Где-то далеко-далеко, за бумажными горами, за плоскими морями, за линиями рек раскинулась земля, или поверхность, – страна плосков, или страна фигур, под названием Папира.
Жители ее были, с нашей точки зрения, плоскими, двумерными, как будто нарисованными на бумаге, а с их точки зрения, они были нормальными, двумерными, как все в их стране, существами.
Жили там квадраты и треугольники, трапеции и пятиугольники. Каких только фигур не было! И правильные равносторонние, и кособокие многоугольники, и круги, и полукруги.
Каждый имел свою форму. Иногда она менялась, но обычно годам к восемнадцати, то есть к совершенно-по-нашему-летию каждый плоск приобретал устойчивый вид, который был зафиксирован в его паспорте, и без крайней необходимости его не менял. Бывало, конечно, под влиянием сильных эмоций какой-нибудь квадрат раздуется чуть ли не в круг или треугольник прогнется своими гранями от страха, но уважающие себя плоски такого обычно себе не позволяли. А если подобное и случалось, старались скорее о таком позоре забыть.

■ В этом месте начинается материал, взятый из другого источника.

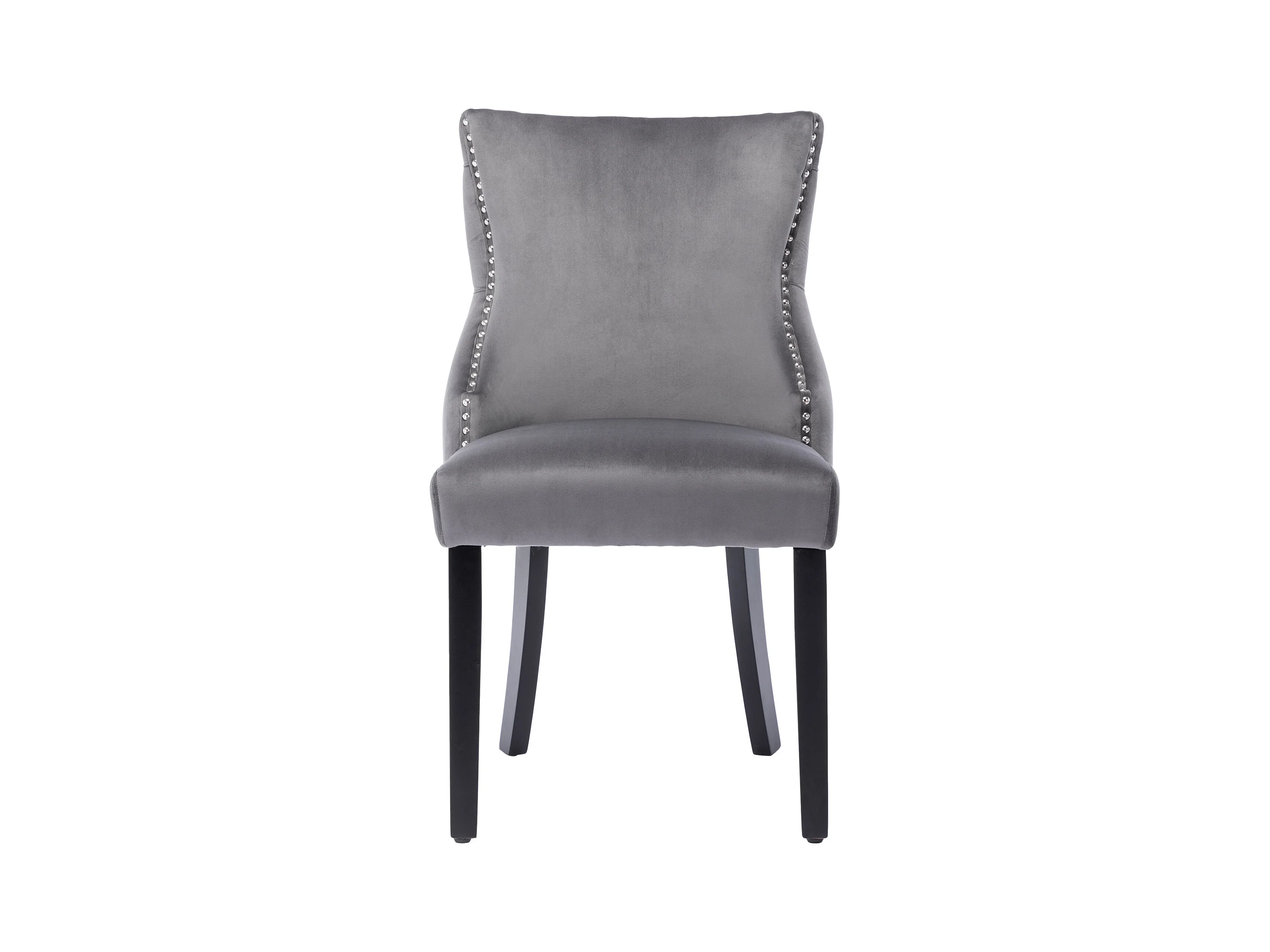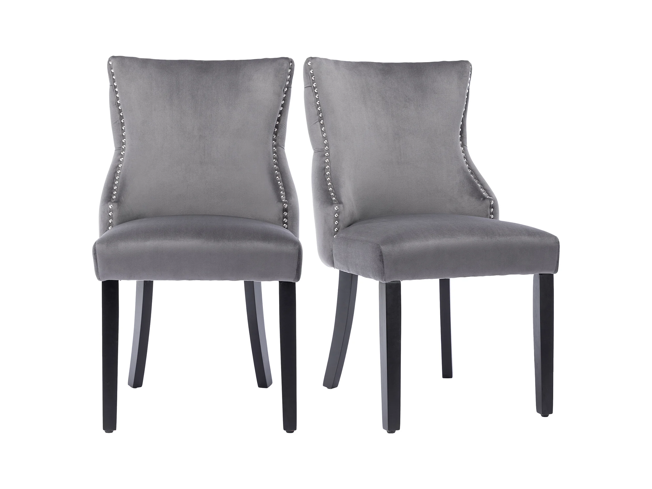 Juego de 2 sillas de comedor - terciopelo gris - con respaldo abotonado y patas de madera negras

Это касалось устойчивых членов общества, которые иначе именовались фигурами. Были еще амбии – существа бесформенные, неуважаемые. Иногда они пытались «держать форму», но обычно было видно, кто перед тобой: истинный квадрат или треугольник по рождению – или много о себе возомнившая амбия. Стоило толкнуть такую в бок, и от ее строгих форм не оставалось и следа.
Фигуры прекрасно бы без них обошлись и жили бы в стройном своем порядке, если бы эти глупые бесформенные амбии не были бы им так нужны. Но, как назло, для ощущения полноты каждой фигуре нужна была своя амбия. Найдя такую, устойчивый плоск предлагал ей найти убежище внутри него, конечно скрепив свои отношения в мэрии. После этого амбия пропадала для внешнего мира, а фигура начинала лучиться «полнотой» и надевала опознавательный знак, что она в прямом смысле несвободна. Значит, середина ее, сердце или что там у них, было уже занято.
Маленьких амбий пугали разными проходимцами, которые, вскружив голову доверчивым крошкам, заманивали их внутрь, предлагая не вмешивать мэрию в их высокие отношения, и, как сказали бы у нас, с тех пор их никто больше не видел. Но это неверно. Амбий вообще после «вступления» обычно не видно, но по косвенным признакам можно догадаться об их присутствии. А тут – никто об этих обманутых бедняжках больше и не слышал.
Что там происходило внутри фигур, как развивались их отношения, до последнего времени никого не интересовало. Известно было лишь, что от таких союзов появлялись новые фигуры, которыми семьи по праву гордились, ну или амбии – к немалому смущению родителей.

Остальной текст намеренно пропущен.